◆ **Activity**
Give the entries below again exactly. Their pictures are not needed.

[Data entries]
◇ ◇ ◇ ◇ ◇ ◇ ◇

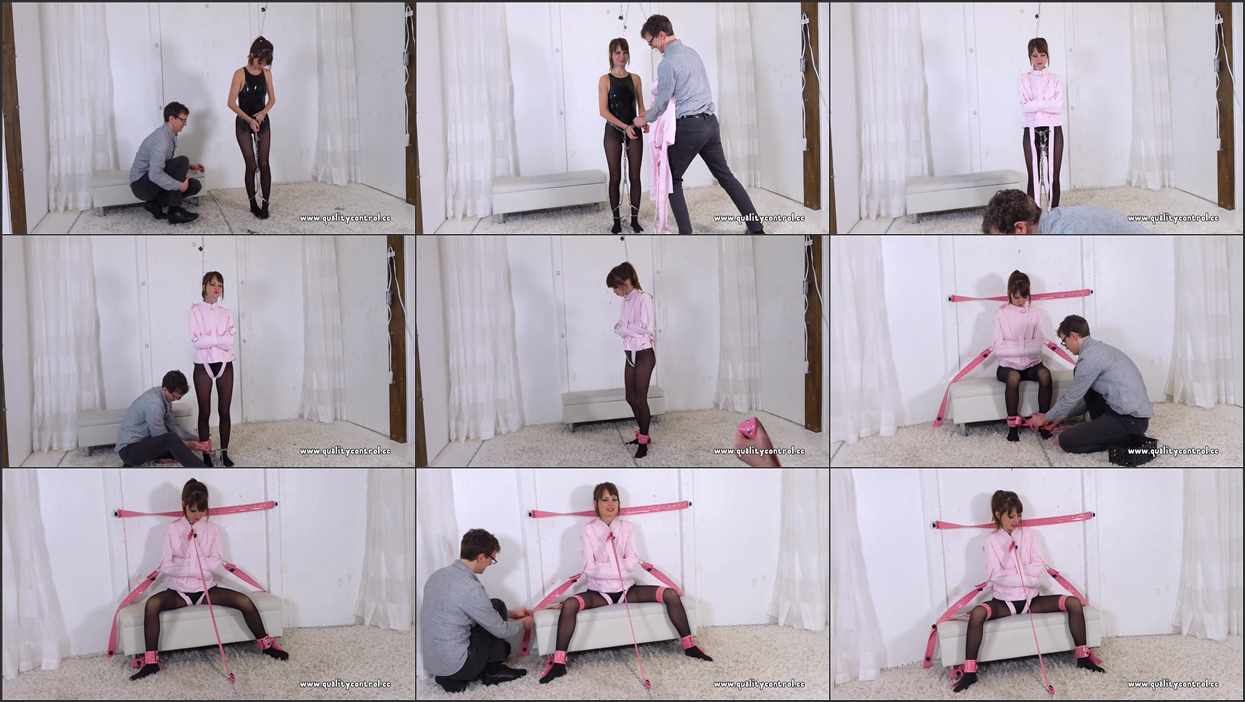 Straps on straps, a live rigging of cutie Zura who’s already stuck firmly in this straitjacket. A few transitions from standing to sitting and seeing which predicament she likes to try to struggle out of the most.
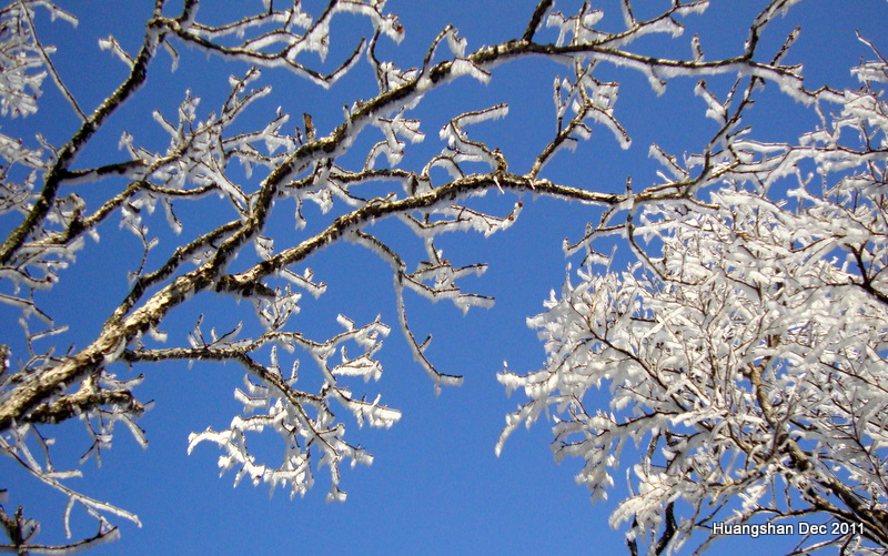 缆车到玉屏峰站下,要开始自己爬了。这附近有迎客松,人太多,熙熙攘攘的热闹无趣。一路爬了莲花峰,鳌鱼峰,白步云梯和鳌鱼洞。到莲花峰的时候开始有见到薄雪。接下来穿过北海宾馆爬光明顶的时候就感觉到累了。但是这个时候景色开始有突变,雪和挂冰越来越多。一高兴,也就不觉得累。 光明顶下来到白鹅山庄,雪越来越多,真是漂亮。同时人也越来越少,除了遇到的挑山工,游人已经不多见了。
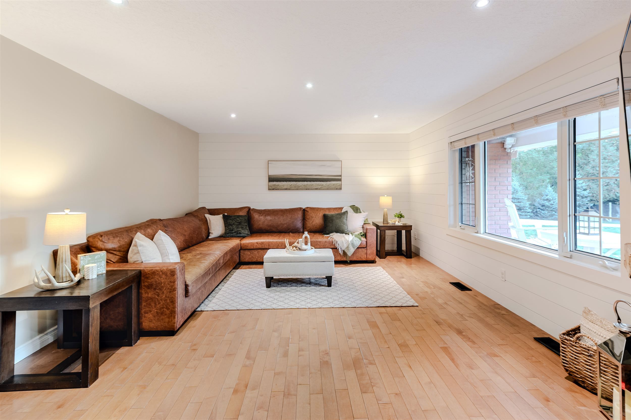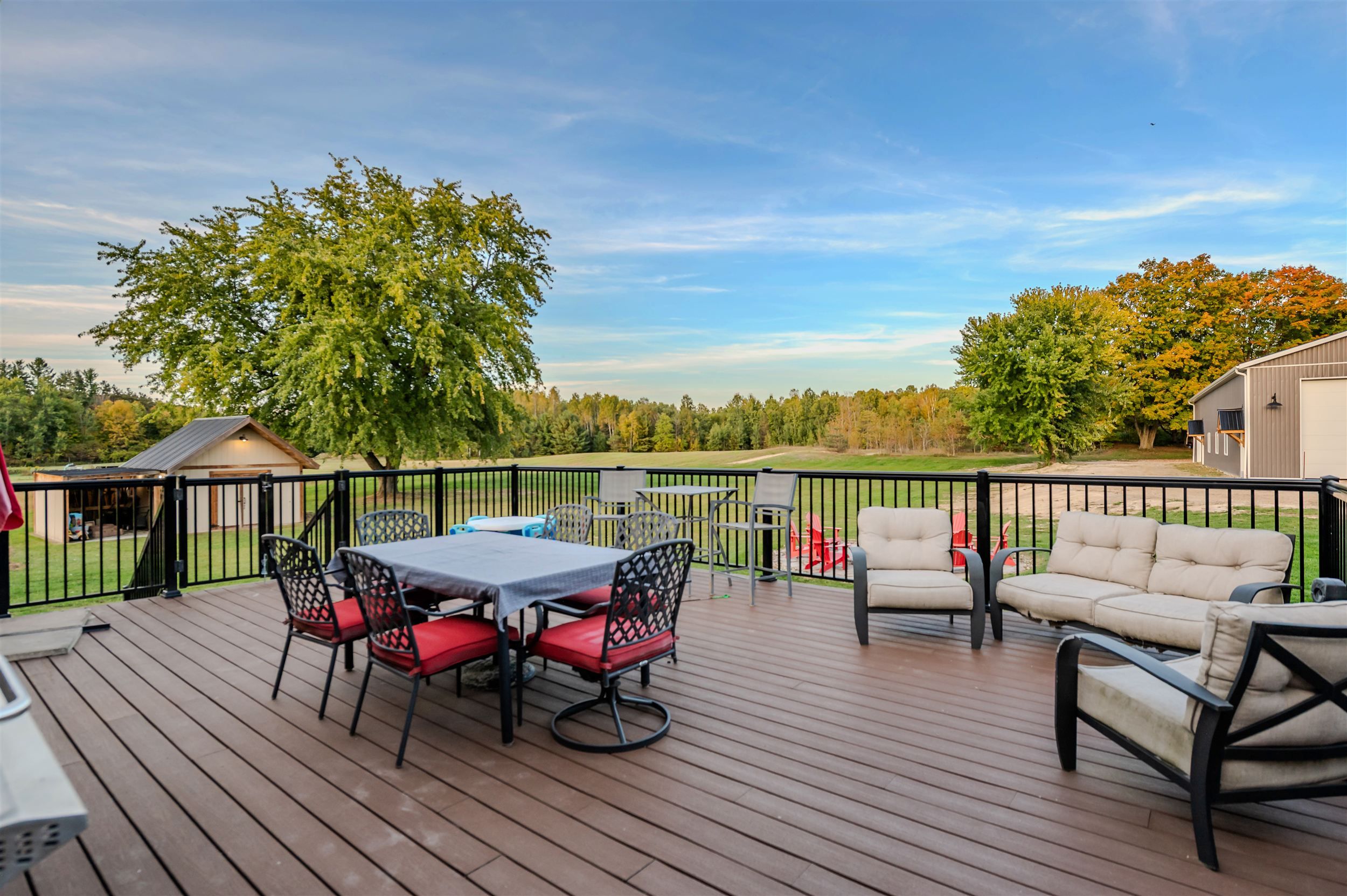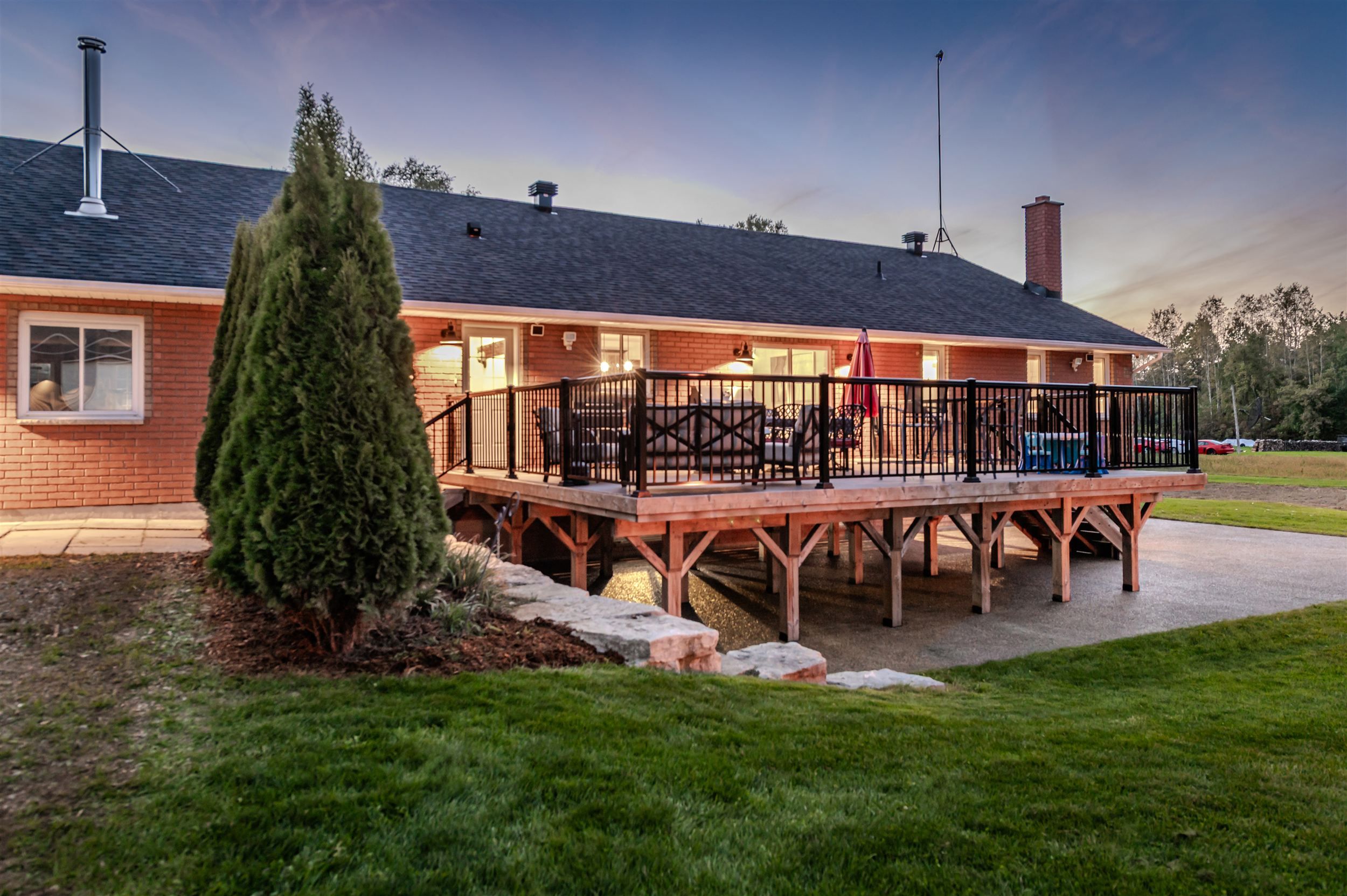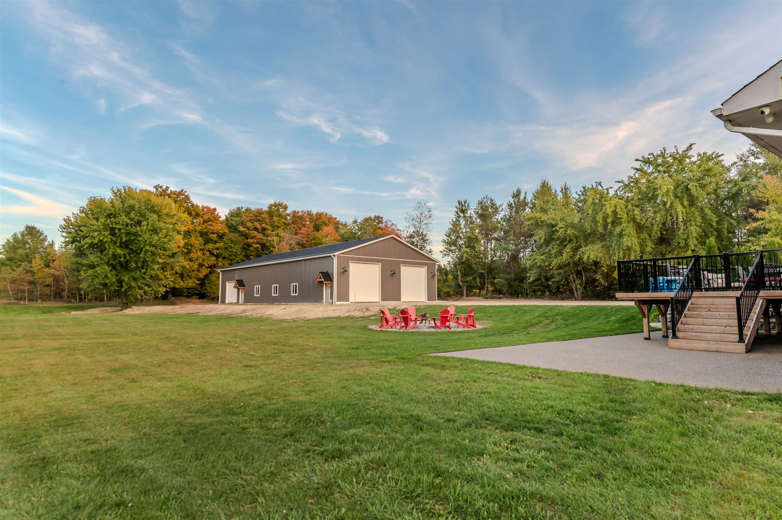 • Expansive outdoor areas, including a large concrete patio and landscaped yard.
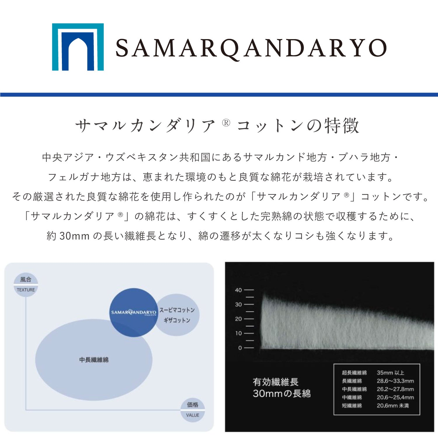 中央アジア・ウズベキスタン共和国にあるサマルカンド地方・ブハラ地方・ フェルガナ地方は、恵まれた環境のもと良質な綿花が栽培されています。 その厳選された良質な綿花を使用し作られたのが「サマルカンダリア®」コットンです。 「サマルカンダリア®」の綿花は、すくすくとした完熟綿の状態で収穫するために、 約30mmの長い繊維長となり、綿の遷移が太くなりコシも強くなります。
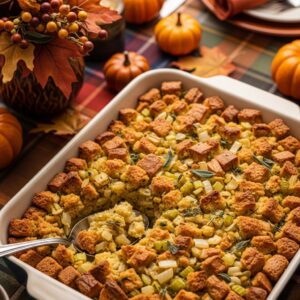 Made with cubed bread, onions, celery, herbs, and broth, it’s flavorful and satisfying.
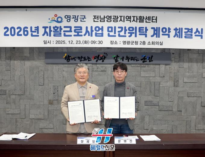 [Çì·²µå½Å¹® = ¼Û±Ù³² ±âÀÚ] ¿µ±¤±ºÀº 12¿ù 23ÀÏ ¿µ±¤±ºÃ» 2Ãþ ¼ÒȸÀǽǿ¡¼ Àü³²¿µ±¤Áö¿ªÀÚȰ¼¾ÅÍ(¼¾ÅÍÀå ¹®¿µÁø)¿Í 2026³â ÀÚȰ±Ù·Î»ç¾÷ ¹Î°£À§Å¹ ¹× °³ÀÎÁ¤º¸Ã³¸® À§Å¹ °è¾àÀ» ü°áÇß´Ù°í ¹àÇû´Ù.
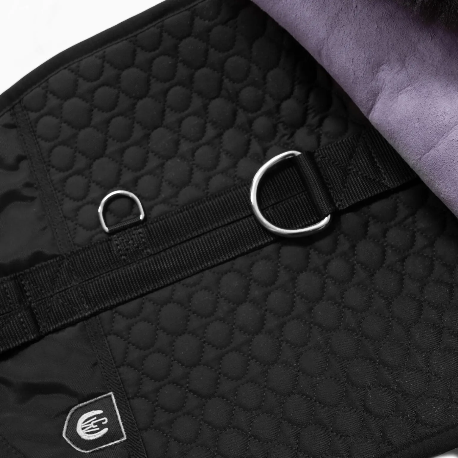 Setet består av ekte saueskinn med en ullhøyde på ca. 30 mm, mens undersiden har saueskinn kun i midtre del, over ryggen. I setet er det lagt inn uttrekkbare polstringer av komposittskum på begge sider av ryggraden. Det øker først og fremt sittekomforten for rytteren, og dernest er det en god beskyttelse for hestens rygg. For å forbedre likevekten, er det mulig å feste stigbøyleremmer i D-ringer, under saueskinnsfellen under setet. Kan vaskes i maskin med spesielt vaskemiddel for sauefell. Tåler også tromling. Vi anbefaler vårt vaskemiddel «C7». Vennligst respekter våre vaskeanvisninger.
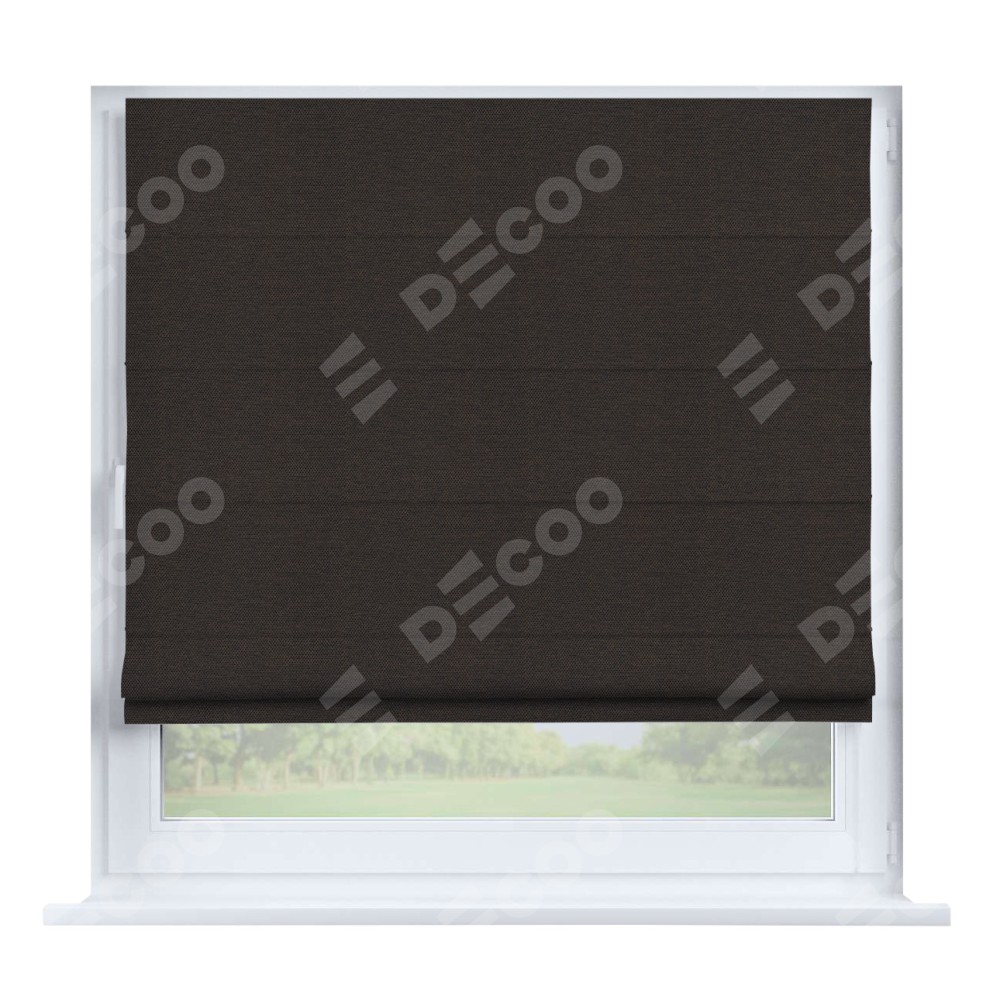 Римская штора производителя «Cortin», устанавливается на створку окна, пошита из ткани лён димаут венге, артикул 85410. Штора шьётся по индивидуальным размерам, для данного типа римской шторы возможная ширина от 35 до 150 см., высота до 250 см.
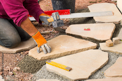Gartenarchitektur - Verlegung von Sandsteinplatten in ein Mörtelbett aus Trasszement und Splitt - Terrasse aus Naturstein

◇ ◇ ◇ ◇ ◇ ◇ ◇

◆ **Finished exercise**
 Straps on straps, a live rigging of cutie Zura who’s already stuck firmly in this straitjacket. A few transitions from standing to sitting and seeing which predicament she likes to try to struggle out of the most.
 缆车到玉屏峰站下,要开始自己爬了。这附近有迎客松,人太多,熙熙攘攘的热闹无趣。一路爬了莲花峰,鳌鱼峰,白步云梯和鳌鱼洞。到莲花峰的时候开始有见到薄雪。接下来穿过北海宾馆爬光明顶的时候就感觉到累了。但是这个时候景色开始有突变,雪和挂冰越来越多。一高兴,也就不觉得累。 光明顶下来到白鹅山庄,雪越来越多,真是漂亮。同时人也越来越少,除了遇到的挑山工,游人已经不多见了。
 • Expansive outdoor areas, including a large concrete patio and landscaped yard.
 中央アジア・ウズベキスタン共和国にあるサマルカンド地方・ブハラ地方・ フェルガナ地方は、恵まれた環境のもと良質な綿花が栽培されています。 その厳選された良質な綿花を使用し作られたのが「サマルカンダリア®」コットンです。 「サマルカンダリア®」の綿花は、すくすくとした完熟綿の状態で収穫するために、 約30mmの長い繊維長となり、綿の遷移が太くなりコシも強くなります。
 Made with cubed bread, onions, celery, herbs, and broth, it’s flavorful and satisfying.
 [Çì·²µå½Å¹® = ¼Û±Ù³² ±âÀÚ] ¿µ±¤±ºÀº 12¿ù 23ÀÏ ¿µ±¤±ºÃ» 2Ãþ ¼ÒȸÀǽǿ¡¼ Àü³²¿µ±¤Áö¿ªÀÚȰ¼¾ÅÍ(¼¾ÅÍÀå ¹®¿µÁø)¿Í 2026³â ÀÚȰ±Ù·Î»ç¾÷ ¹Î°£À§Å¹ ¹× °³ÀÎÁ¤º¸Ã³¸® À§Å¹ °è¾àÀ» ü°áÇß´Ù°í ¹àÇû´Ù.
 Setet består av ekte saueskinn med en ullhøyde på ca. 30 mm, mens undersiden har saueskinn kun i midtre del, over ryggen. I setet er det lagt inn uttrekkbare polstringer av komposittskum på begge sider av ryggraden. Det øker først og fremt sittekomforten for rytteren, og dernest er det en god beskyttelse for hestens rygg. For å forbedre likevekten, er det mulig å feste stigbøyleremmer i D-ringer, under saueskinnsfellen under setet. Kan vaskes i maskin med spesielt vaskemiddel for sauefell. Tåler også tromling. Vi anbefaler vårt vaskemiddel «C7». Vennligst respekter våre vaskeanvisninger.
 Римская штора производителя «Cortin», устанавливается на створку окна, пошита из ткани лён димаут венге, артикул 85410. Штора шьётся по индивидуальным размерам, для данного типа римской шторы возможная ширина от 35 до 150 см., высота до 250 см.
Gartenarchitektur - Verlegung von Sandsteinplatten in ein Mörtelbett aus Trasszement und Splitt - Terrasse aus Naturstein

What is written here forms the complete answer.